Salmon is the staple article of food, and hangs drying by the scores and hundreds on racks in front of each shack or house and upon the walls within. The fish on the racks seemed small, possibly such are reserved for home consumption, while the larger ones had been sold to the canneries. The Alaskan salmon, however, is not a large one. It must be fattening food, for men and women are generally plump and the children as rounded as well-fed pigs. The little ones are as frisky and happy as in Japan, which I thought the paradise of babies. I was struck by the full rounded paunches of the little ones. This, too, is remarkable among their little cousins in the land of the rising sun; possibly a result of fish diet. During the summer season the Indians consume large quantities of berries—blue or huckleberries and salmon berries. The English call the latter, cloud berry in Norway. I saw a basket full of a white clustered root in front of a shack; a sort of bunch of small seed like bulbs compacted into a single bulb, very white, not unlike a mass of snow-drops glued together into a ball walnut-sized. I asked a woman who was washing them if they were good. She grinned and put a handful into her mouth as answer, at the same time handing me some. They tasted like a starchy paste made from impalpable flour. I asked the name. She replied "Chinook (Indian) lice." They cannot pronounce the "r," but Chinese-like substitute "l" for it.

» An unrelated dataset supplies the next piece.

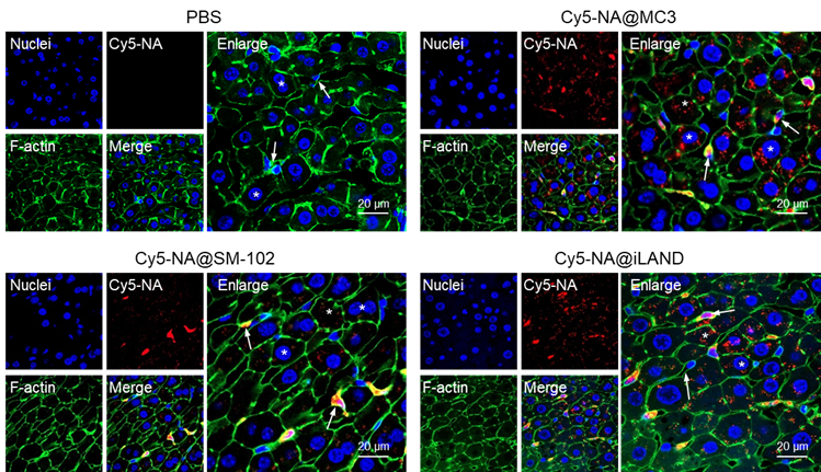 图3 iLAND通过主动靶向肝实质细胞在肝脏积累。星号代表肝实质细胞,箭头代表非实质细胞(包括Kupffer细胞、星状细胞等)
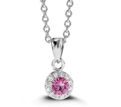 Simulated Birthstone & Cubic Zirconia Halo Pendant W/18″ Chain Sterling Silver/OCT

Another delicacy is a kind of very small fish egg, deposited by a sort of herring on fine twigs of hemlock placed by the natives in certain places in the sea for the purpose. The eggs are clustered on the twigs until they are as big as one's thumb, thousands upon thousands, upon a small branched limb. The branches are hung up to dry. When used they are soaked in fresh water and the eggs stripped off by the hand. The eggs when soaked swell till they seem perfectly fresh. I asked the woman I saw soaking them if they were good. A smile from ear to ear illumined her face; she offered me some and then opened her capacious mouth into which she threw a handful which she crushed with evident delight. Though of an enquiring mind, I abstained heroically from accepting the proffered hospitality. Had the eggs been fried I doubt not they would have made a good dish. The dry ones were shriveled and as dead looking as the roe in a smoked herring, yet when soaked they seemed as plump and fresh as if just taken from the mother fish.

GUM-CHEWING AMONG THE NATIVES.

When selling berries to the ship passengers the women are either all the while eating of their goods or are chewing some kind of gum, generally the latter. Why should not Alaska's 400 chew gum as well as our own. One of their fashions is very grotesque. We saw several women with their faces, necks, arms and hands stained almost black. Whether this was done for ornamentation, or as a sort of mourning badge, I could not definitely learn. Both solutions were given us by people residing among them. If the latter, it furnished another evidence of Japanese origin. A Japanese married woman blackens her teeth, and plucks her eye brows and lashes to make herself unattractive, as a proof of her love for her lord. These women carry out the same idea when in sorrow. Their grief is certainly much more economical than in politer lands where, robes de deul are both nobby and costly.